◆ **PROBLEM TO SOLVE**
Pictures in the data below are not part of the copy; transcribe everything else exactly.

◆ **DATASET EXCERPT**
--- START ---

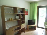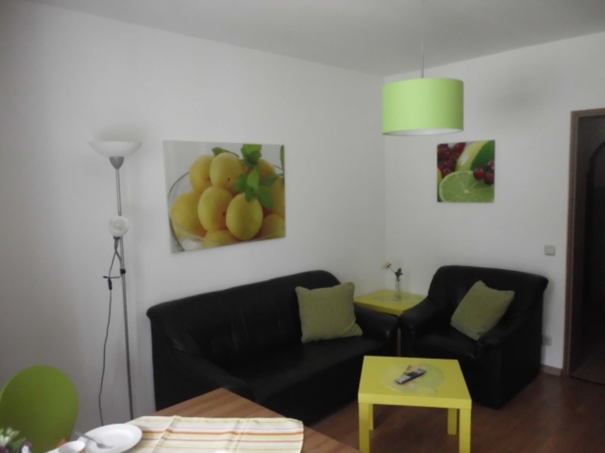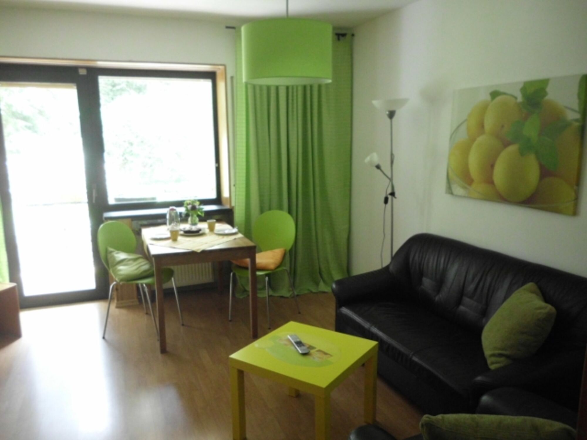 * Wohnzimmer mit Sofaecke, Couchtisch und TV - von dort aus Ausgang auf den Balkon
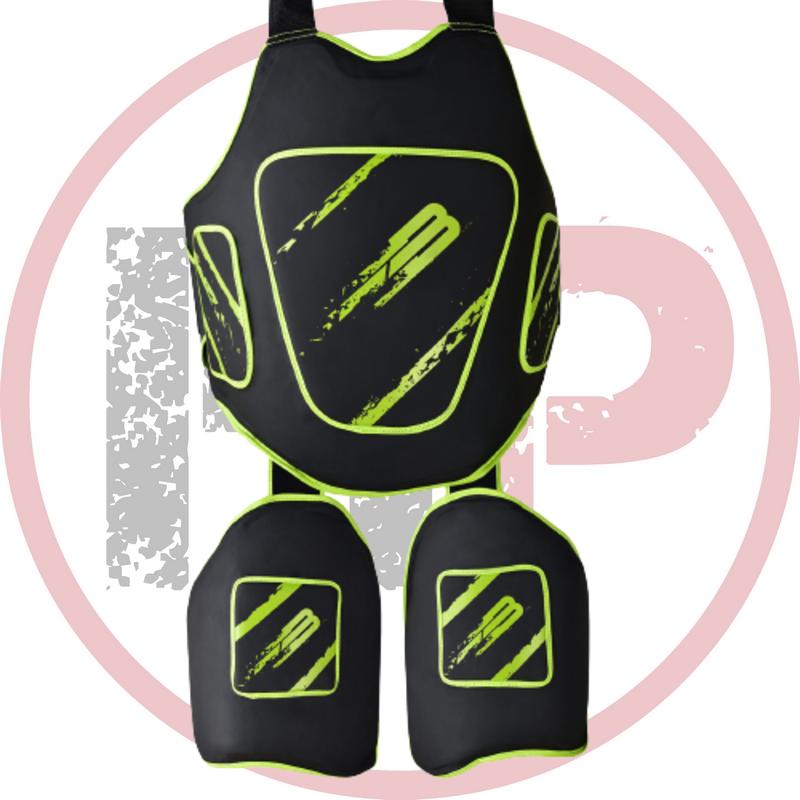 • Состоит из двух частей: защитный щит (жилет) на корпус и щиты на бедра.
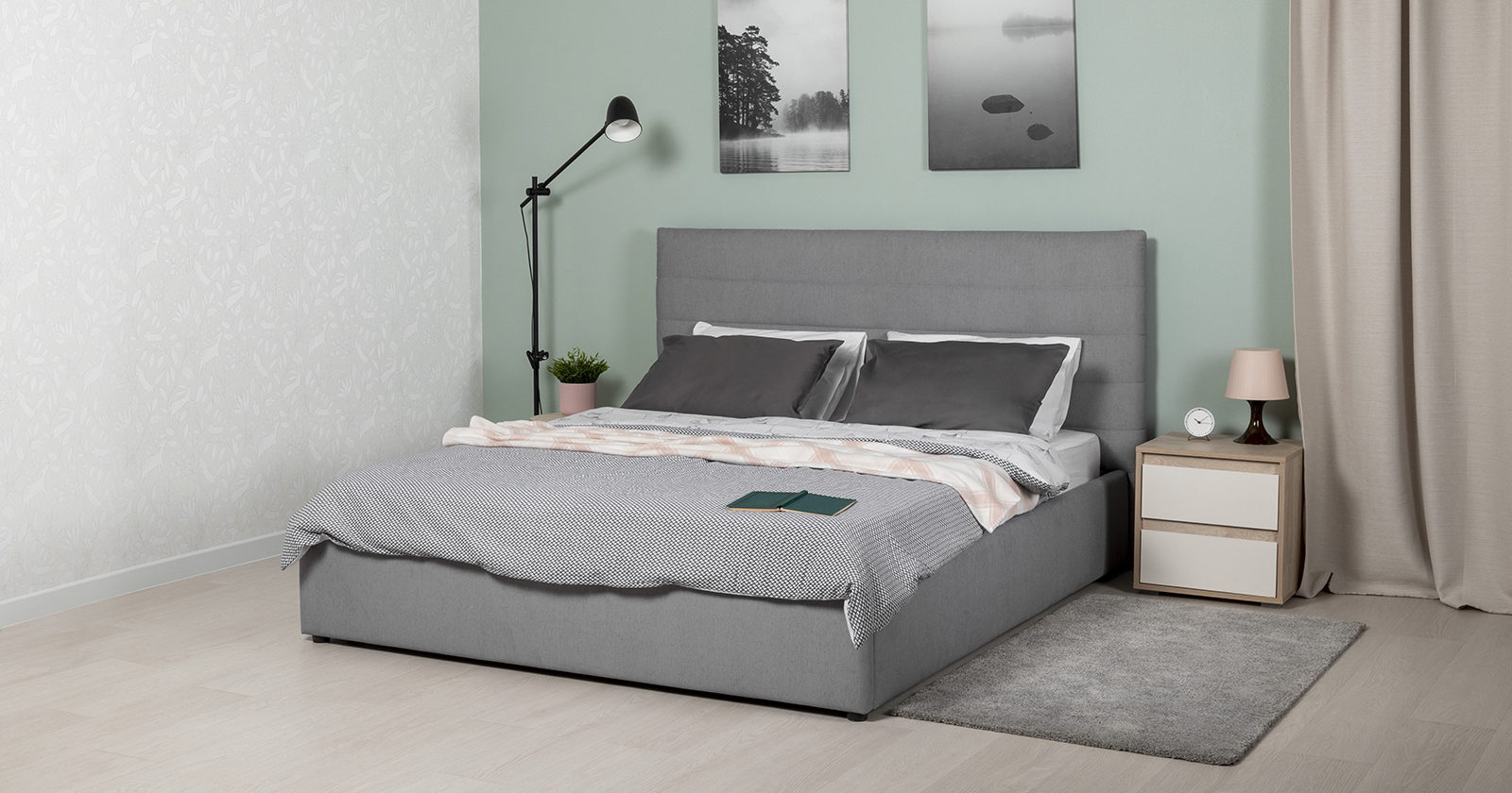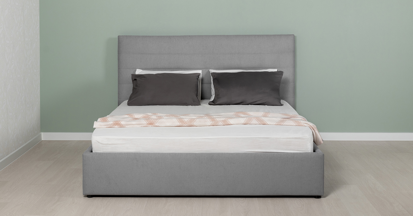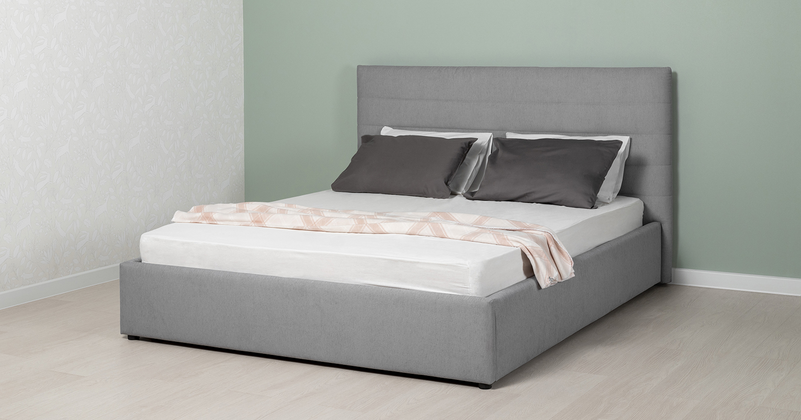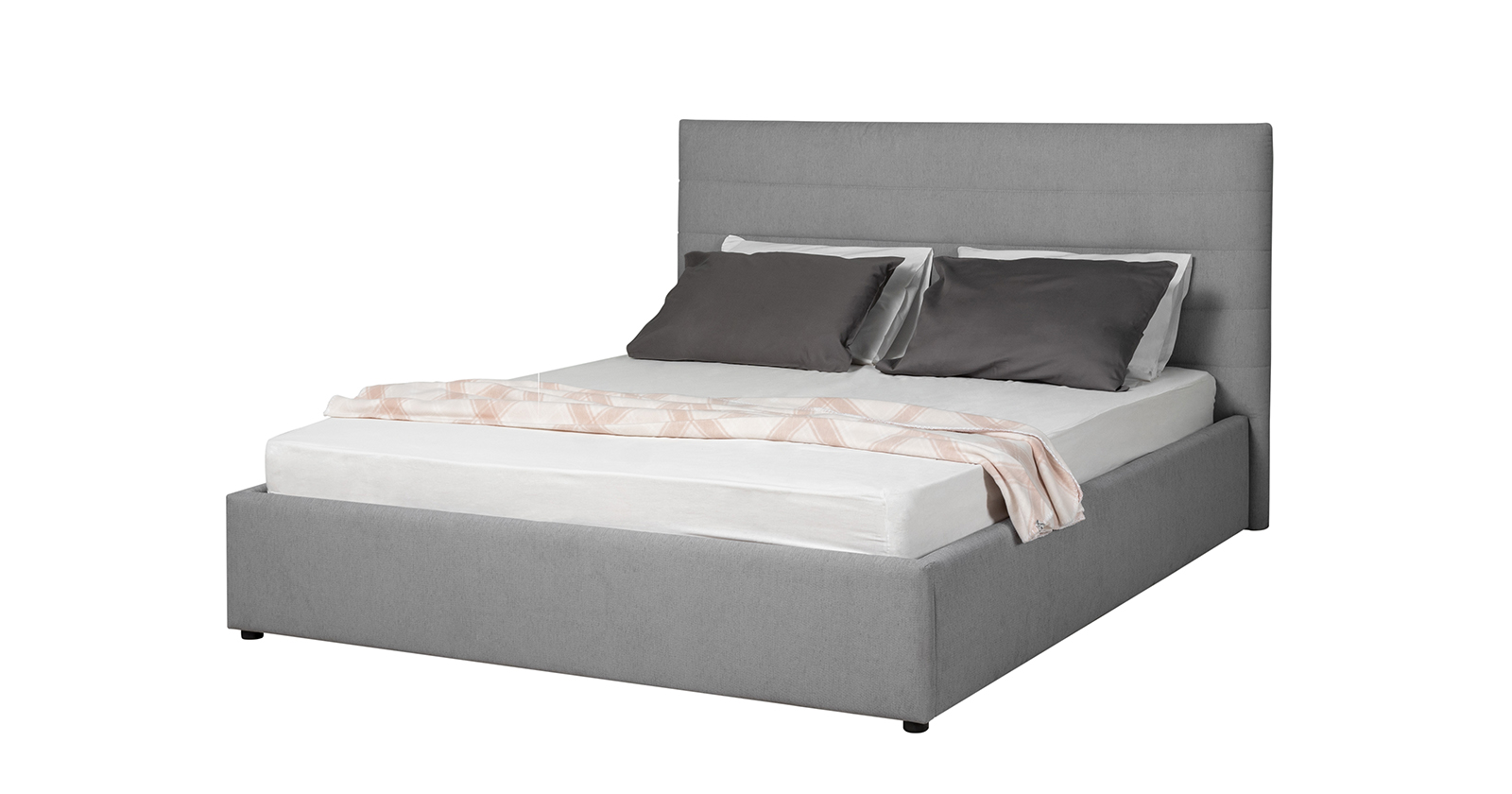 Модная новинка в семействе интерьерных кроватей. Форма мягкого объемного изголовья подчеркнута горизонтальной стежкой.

--- END ---

◆ **SOLUTION**
 * Wohnzimmer mit Sofaecke, Couchtisch und TV - von dort aus Ausgang auf den Balkon
 • Состоит из двух частей: защитный щит (жилет) на корпус и щиты на бедра.
 Модная новинка в семействе интерьерных кроватей. Форма мягкого объемного изголовья подчеркнута горизонтальной стежкой.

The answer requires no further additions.